- **Action item**: Once "Featuring 35 clear" turns up in a line below, reproduce that line and those after it exactly, stopping after the line with "- [Modular Design, Easy"; leave pictures out.

- **Records to process**:

┄┄┄┄┄┄

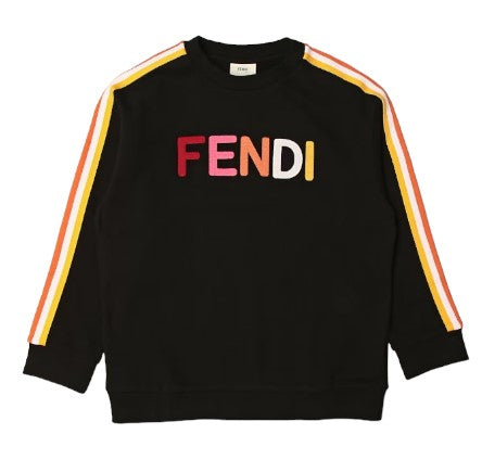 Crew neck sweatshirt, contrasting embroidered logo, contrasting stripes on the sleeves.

┄┄┄┄┄┄

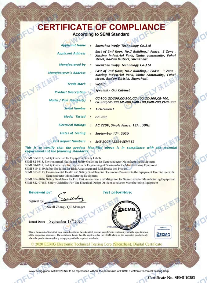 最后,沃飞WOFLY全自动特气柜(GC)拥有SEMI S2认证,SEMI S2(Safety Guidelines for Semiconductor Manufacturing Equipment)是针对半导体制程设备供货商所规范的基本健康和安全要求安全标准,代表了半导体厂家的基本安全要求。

┄┄┄┄┄┄

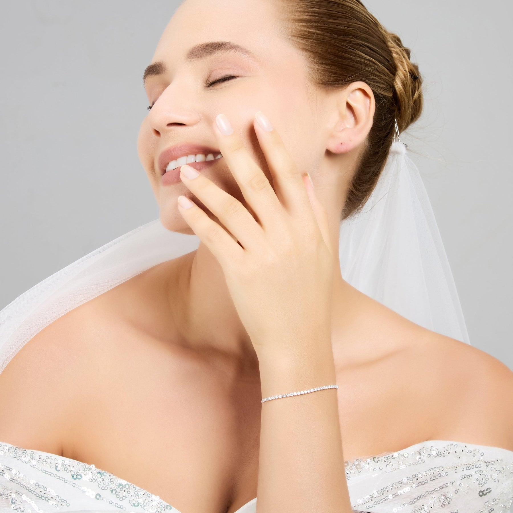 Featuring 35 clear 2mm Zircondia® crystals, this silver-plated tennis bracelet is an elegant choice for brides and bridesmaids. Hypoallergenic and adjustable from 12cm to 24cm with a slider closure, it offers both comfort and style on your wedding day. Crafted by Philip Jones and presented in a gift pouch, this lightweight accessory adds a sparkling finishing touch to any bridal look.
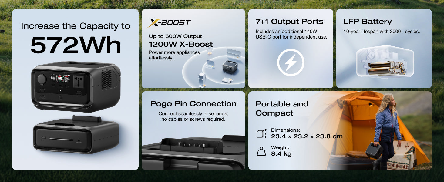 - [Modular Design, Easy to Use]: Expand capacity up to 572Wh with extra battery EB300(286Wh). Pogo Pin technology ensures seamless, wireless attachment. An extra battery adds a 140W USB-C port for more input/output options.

┄┄┄┄┄┄

- **Your solution**:
 Featuring 35 clear 2mm Zircondia® crystals, this silver-plated tennis bracelet is an elegant choice for brides and bridesmaids. Hypoallergenic and adjustable from 12cm to 24cm with a slider closure, it offers both comfort and style on your wedding day. Crafted by Philip Jones and presented in a gift pouch, this lightweight accessory adds a sparkling finishing touch to any bridal look.
 - [Modular Design, Easy to Use]: Expand capacity up to 572Wh with extra battery EB300(286Wh). Pogo Pin technology ensures seamless, wireless attachment. An extra battery adds a 140W USB-C port for more input/output options.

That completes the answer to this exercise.